Required work >> Everything in the listing must be repeated exactly, apart from the images.

Source material >>
--
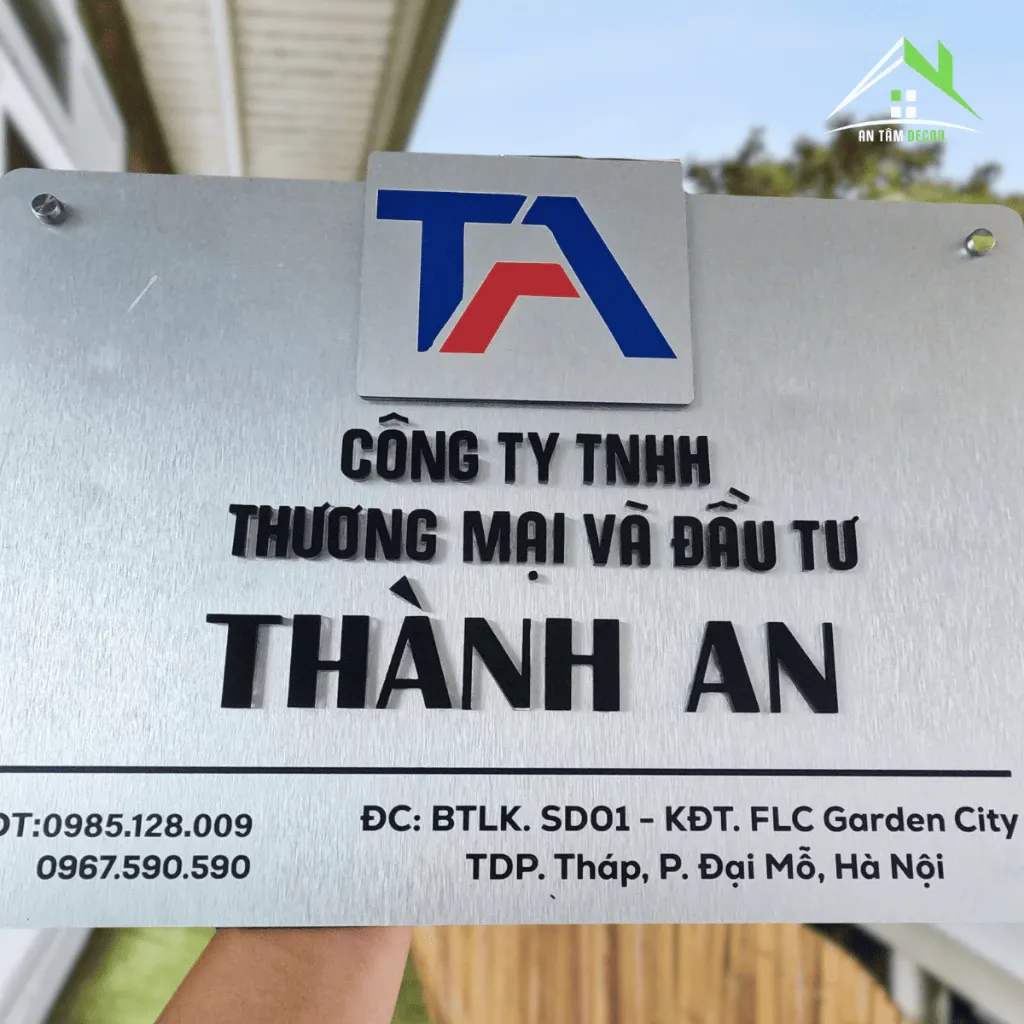 Thể hiện thông tin doanh nghiệp một cách rõ ràng, nâng cao hình ảnh thương hiệu khi gắn tại cửa công ty, lễ tân hoặc phòng giao dịch.
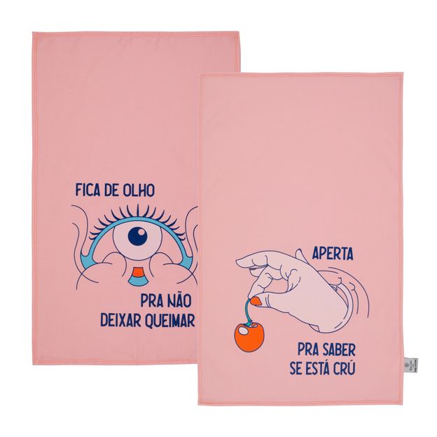 Conjunto com 2 panos de prato em tecido sarjado 100% algodão com aplicação de estampa em silkscreen.
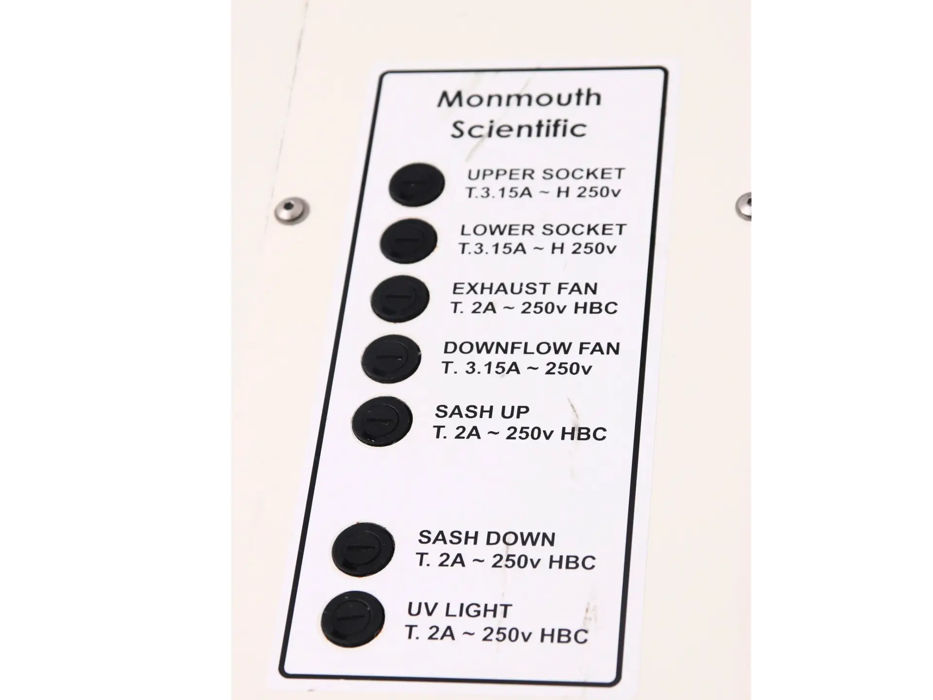 Information Sheet for the Monmouth Guardian MSC1800 Biological Safety Cabinet
--
Reply >>
 Thể hiện thông tin doanh nghiệp một cách rõ ràng, nâng cao hình ảnh thương hiệu khi gắn tại cửa công ty, lễ tân hoặc phòng giao dịch.
 Conjunto com 2 panos de prato em tecido sarjado 100% algodão com aplicação de estampa em silkscreen.
 Information Sheet for the Monmouth Guardian MSC1800 Biological Safety Cabinet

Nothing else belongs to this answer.